**The task**
For the records below, copy exactly the span that begins at the line containing "A personalized Christmas" and stops after the line containing "Ask the conemage", minus any pictures.

============

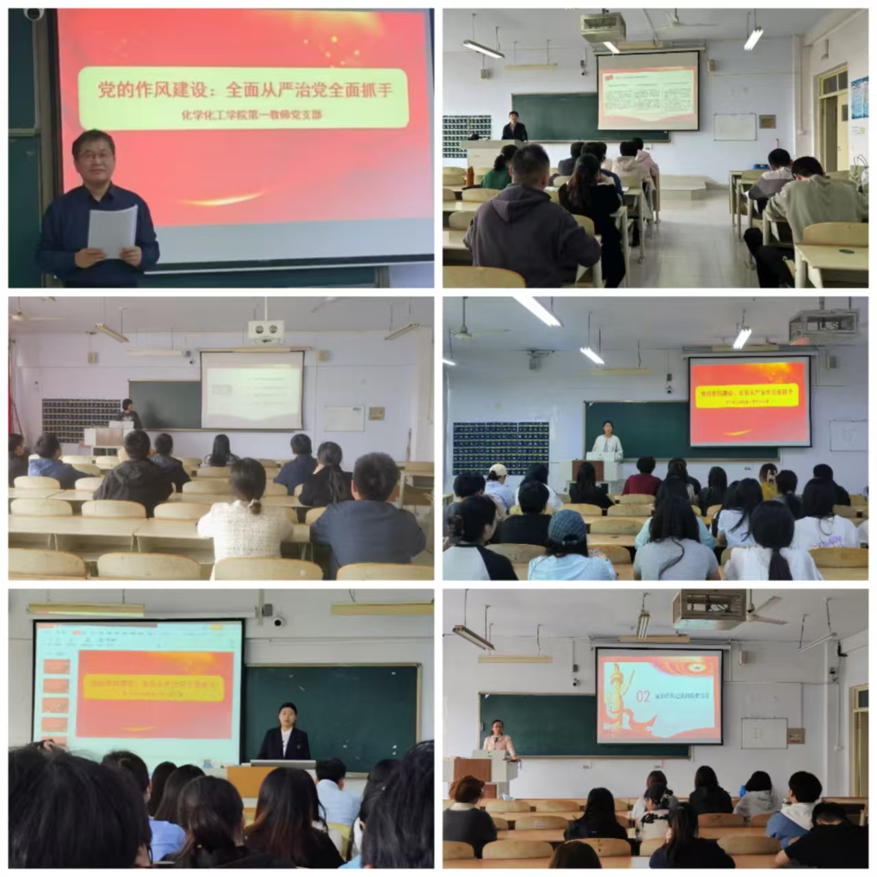为深入贯彻落实习近平总书记关于党的作风建设重要论述,推动全面从严治党向基层延伸,2025年4月15—23日,化学化工学院各党支部以“党的作风建设:全面从严治党全面抓手”为主题,组织全体师生党员开展专题党课学习。此次党课紧密结合中央八项规定精神,旨在引导党员干部深刻理解作风建设的重要性,以更高站位、更严标准践行新时代党员使命。
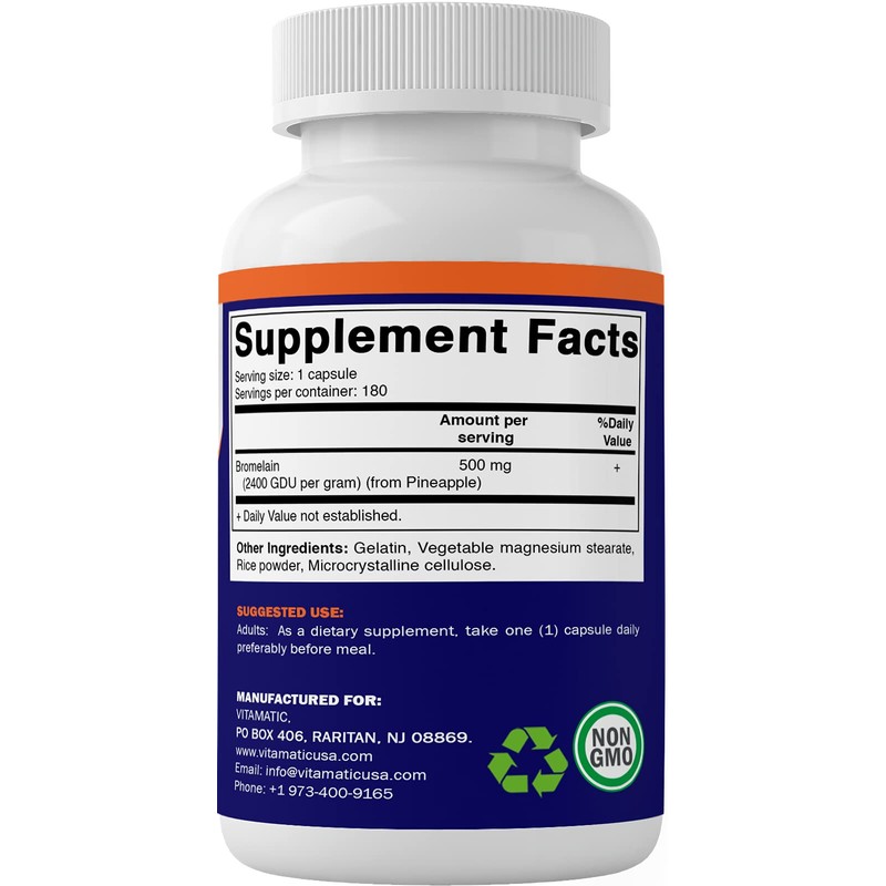 Vitamatic Bromelain Supplement 500mg, 2400 GDU/g, Proteolytic Enzymes, Supports Digestion of Proteins, 180 Count
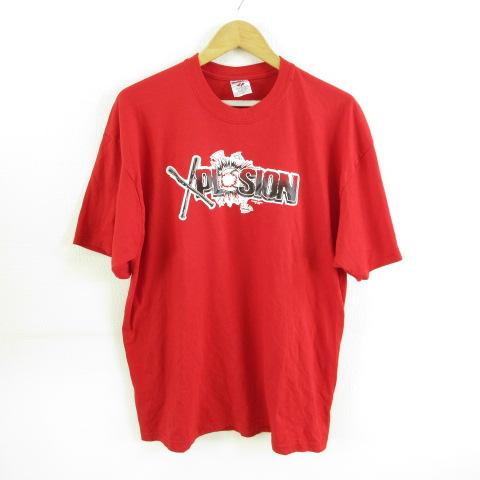 【中古】JERZEES カットソー Tシャツ 半袖 プリント 赤 XL *T253 メンズ
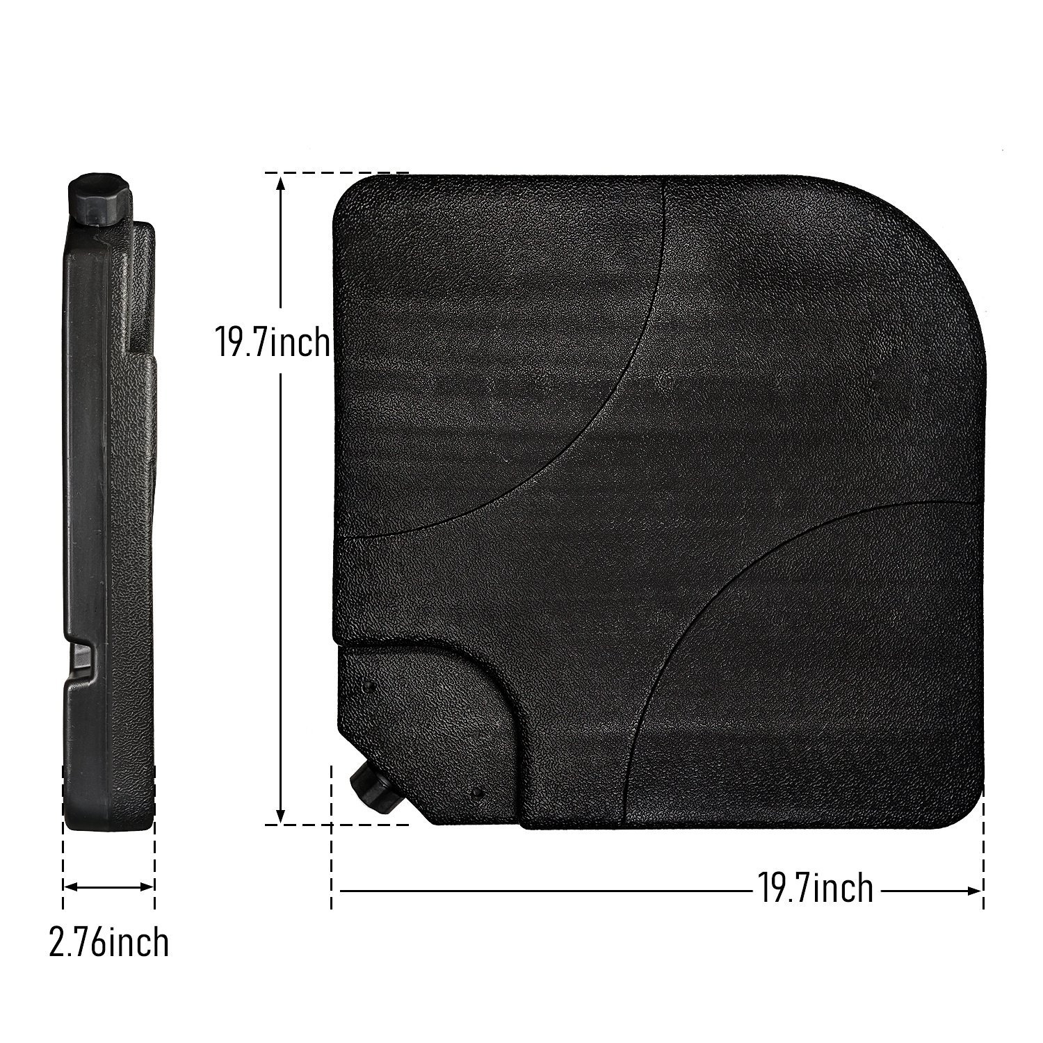 • Per plate dimension: 19.7 in. x 19.7 in. x 2.76 in., including a twist cap
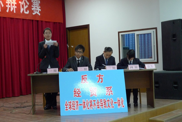 amjs澳金沙门线路首页第十届“智慧杯”大专辩论赛决赛于2010年11月24日下午5时许在老校区行政楼六楼报告厅隆重举行。本次决赛由经贸系和机电系两支队伍同台,围绕辩题“全球经济一体化将会不会导致文化一体化”展开辩论。作为反方的我系由韩波带队、刘蓓蕾指导、宋春萍场下发言、一辩冯忠倩、二辩夏京、三辩高原、四辩张默,力证观点:“经济一体化讲不会导致文化一体化”。本次比赛吸引了众多学生观看,场下座无虚席。最终在激烈的辩论后,经评委老师们客观公正的评分,我系因表现突出,以绝对优势再次卫冕冠军。充分反映了我系学生良好的思辨素质和精神风貌。
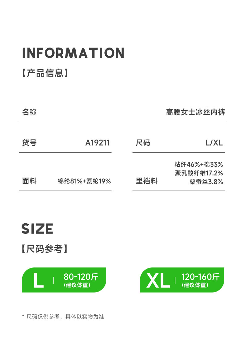 【舒适裸感】高腰凉感冰丝面膜裤5条装A19211
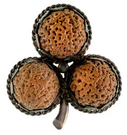 QUANDONG SEED BROOCH, in sterling silver frame (tot wt 9.69g; 43x46mm), by A.C. Due, features ...
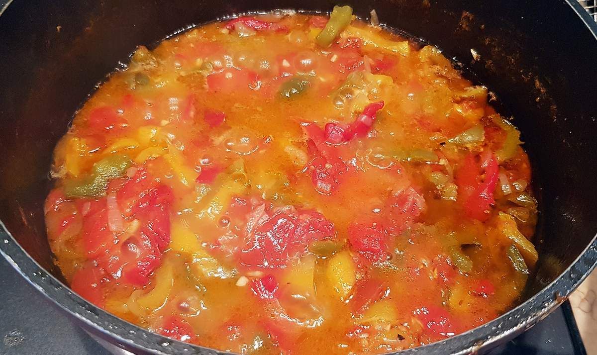 1) Eplucher les oignons, les couper en deux puis en lamelles. Peler les gousses d'ail et les hacher. Rincer les poivrons sous l'eau froide, les sécher puis les couper en deux. Retirer le centre avec les pépins et le pédoncule. Les couper en lanières. Rincer les tomates sous l'eau froide, les sécher puis les couper en deux, retirer le pédoncule et les couper en morceaux.
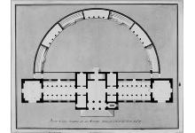 Haga - scuderia - pianta, Ripresa da monografia di un progetto dell'architetto Jean Louis Desprez, raffigurante la pianta di una scuderia ad Haga; il progetto originario è conservato a Stoccolma, Bibliothéque Royale
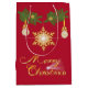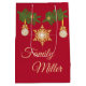 A personalized Christmas gift bag for adults and children with a sparkling golden snow crystal
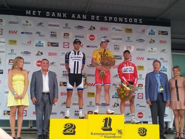 Arnaud Démare, el francés del fdj.fr, se ha impuesto en el Campeonato de Flandes, prueba belga 1.1 UCI, tras ser el más rápido en el sprint masivo final ante el esloveno Mezgec y el belga Van Genechten. Es su primera victoria con el maillot de campeón de su país.
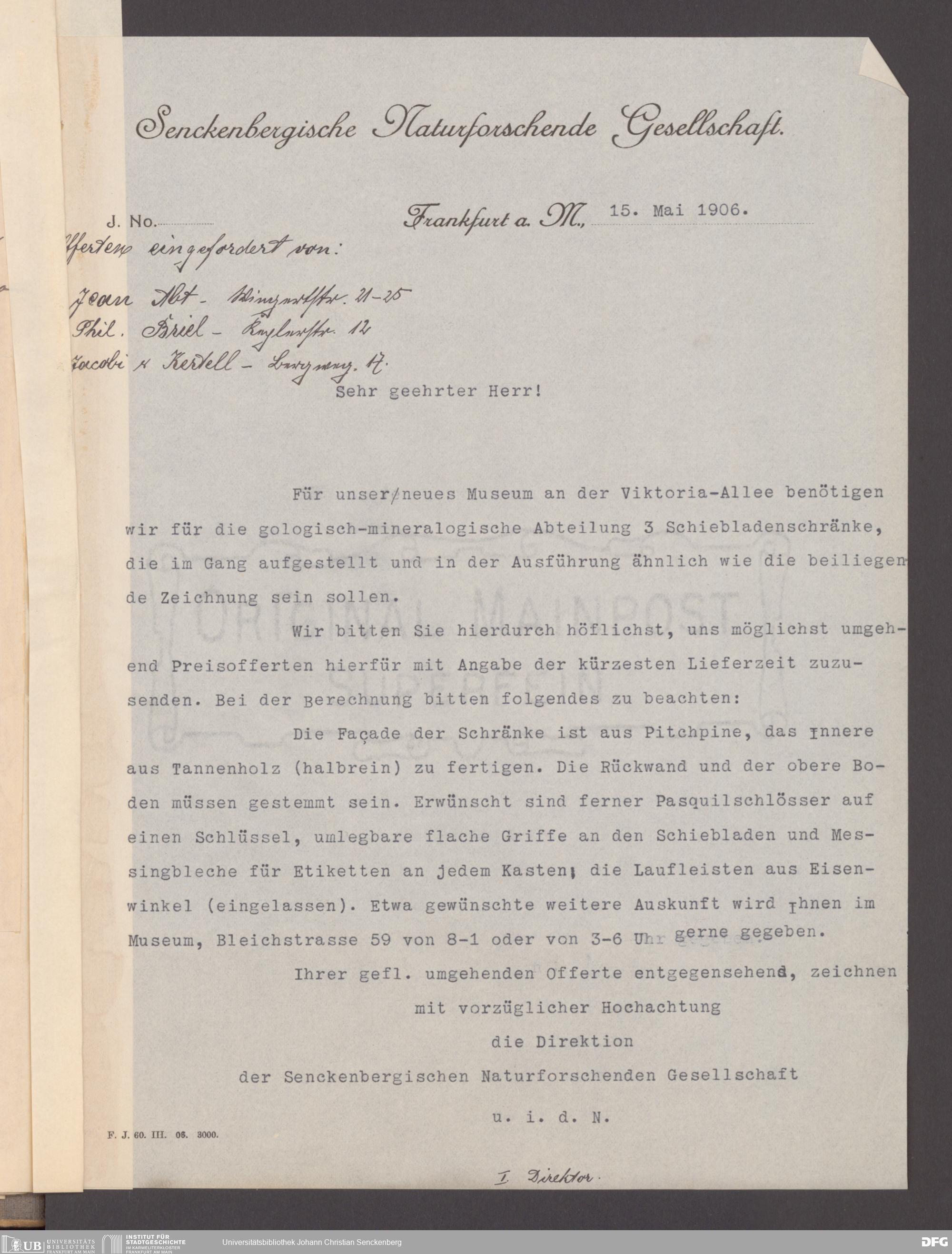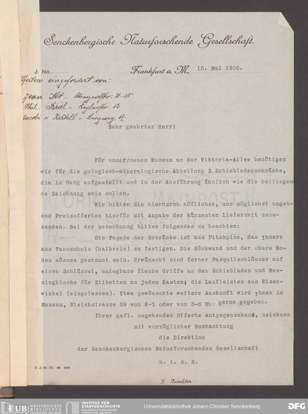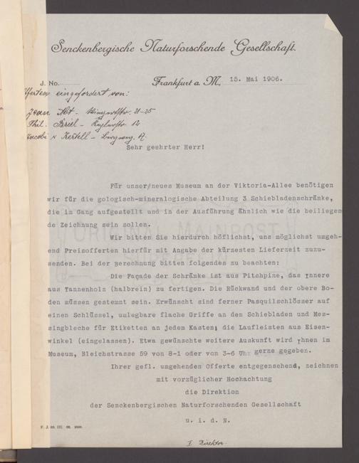 V176 Senckenberg Gesellschaft für Naturforschung, 130 - Beschaffung der Inneneinrichtung für den Neubau des Senckenbergmuseums
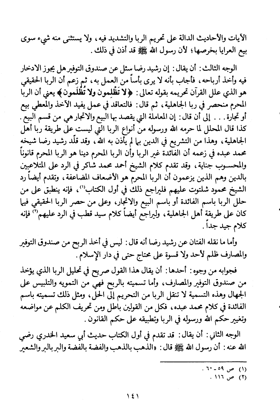 فجوابه من وجوه؛ أحدها: أن يقال: هذا القول صريح في تحليل الربا الذي يؤخذ من صندوق التوفير والمصارف، وأما تسميته بالربح فهي من التمويه والتلبيس على الجهال وهذه التسمية لا تنقل الربا من التحريم إلى الحل، ومثل ذلك تسميته باسم الفائدة في كلام محمد عبده، فكل من القولين باطل ومن تحريف الكلم عن مواضعه وتغيير حكم الله ورسوله في الربا وتطبيقه على حكم القانون.
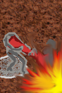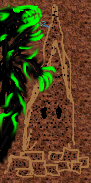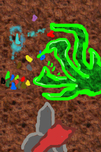 Ask the conemage if he can detect water, we need to blast to an underground river and then blast a channel for it to go down, with it exiting via one of the paths out of the cavern. If there is no underground one available, then find which of the nearby paths leads to a river / under a river and blast a new path for it to divert it to go through the town.
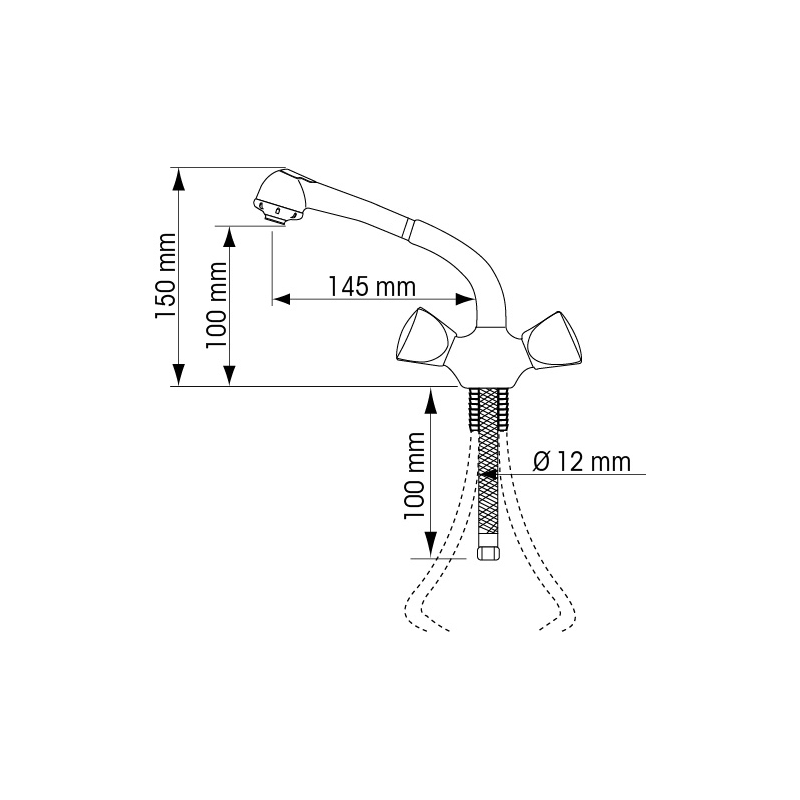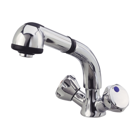 Slavina slavina može se koristiti kao tuš ili slavina. Dolazi s metalnim hidrauličkim crijevom od 2 x 20 cm i vijčanim priključcima. S duljinom cijevi od 1500 mm. fleksibilni 3/8″

============

**Final answer**
 A personalized Christmas gift bag for adults and children with a sparkling golden snow crystal
 Arnaud Démare, el francés del fdj.fr, se ha impuesto en el Campeonato de Flandes, prueba belga 1.1 UCI, tras ser el más rápido en el sprint masivo final ante el esloveno Mezgec y el belga Van Genechten. Es su primera victoria con el maillot de campeón de su país.
 V176 Senckenberg Gesellschaft für Naturforschung, 130 - Beschaffung der Inneneinrichtung für den Neubau des Senckenbergmuseums
 فجوابه من وجوه؛ أحدها: أن يقال: هذا القول صريح في تحليل الربا الذي يؤخذ من صندوق التوفير والمصارف، وأما تسميته بالربح فهي من التمويه والتلبيس على الجهال وهذه التسمية لا تنقل الربا من التحريم إلى الحل، ومثل ذلك تسميته باسم الفائدة في كلام محمد عبده، فكل من القولين باطل ومن تحريف الكلم عن مواضعه وتغيير حكم الله ورسوله في الربا وتطبيقه على حكم القانون.
 Ask the conemage if he can detect water, we need to blast to an underground river and then blast a channel for it to go down, with it exiting via one of the paths out of the cavern. If there is no underground one available, then find which of the nearby paths leads to a river / under a river and blast a new path for it to divert it to go through the town.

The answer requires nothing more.